Market Snapshot: Dow futures up nearly 400 points to extend strong start to fourth quarter


U.S. stock index futures rose on Tuesday as bond yields fell amid hopes central banks may get less aggressive on rate-hiking plans.

How are stock-index futures trading
  • S&P 500 futures ES00, +1.59% climbed 59 points, or 1.6%, to 3,749.25.
  • Dow Jones Industrial Average futures YM00, +1.26% rose 391 points, or 1.3%, to 29,929.
  • Nasdaq 100 futures NQ00, +1.98% advanced 208 points, or 1.9%, to 11,494.
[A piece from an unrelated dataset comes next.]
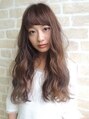 『小顔』その希望叶えます!どんな方でも、流し前髪や斜めバングの顔まわりの似合わせカットで小顔を作り、ご自宅でも簡単にスタイリングでき似合わせることができます!カラーは、透明感のある、ミルクティーカラー。ゆるくパーマをかけると楽にもなります!

On Monday, the Dow DJIA, +1.35% surged rose 765 points, or 2.7%, while the S&P 500 SPX, +1.68% jumped 2.6% and the Nasdaq Composite COMP, +7.58% gained 2.3%. The S&P 500 enjoyed its biggest daily percentage gain since July 27 but remains down 22.8% for the year to date.

What’s driving markets

The S&P 500 index was in line Tuesday to extend the previous session’s 2.6% per cent bounce off 22-month lows.

There were multiple factors driving the rally at the start of the week, said Jim Reid, strategist at Deutsche Bank, including oversold conditions and easing market tensions in Europe, “but the main one was growing speculation that central banks could soon pivot towards a more dovish stance, particularly after the market turmoil over the last couple of weeks”.

The Fed, alongside most of its developed-economy peers, in the past several months has been hiking interest rates aggressively to combat inflation running at 40-year highs, and the consequent surge in bond yields has triggered a bear market across equity benchmarks.

Now some investors are hoping the peak of this monetary tightening cycle may be in sight.

Supporting this narrative was a weak U.S manufacturing survey on Monday, which Barclays noted showed easing costs pressures amid shorter delivery delays and order backlogs.

The U.S. ISM manufacturing index described expansion slowing faster than investors expected, and “gave a positive spin to the market,” said Ipek Ozkardeskaya, senior analyst at Swissquote Bank.

“I believe that this is an important sign that despite the Federal Reserve officials’ strongly hawkish rhetoric, many investors no longer believe that the Fed could continue tightening at the current speed. That’s a good ingredient for a global market rebound,” Ozkardeskaya added.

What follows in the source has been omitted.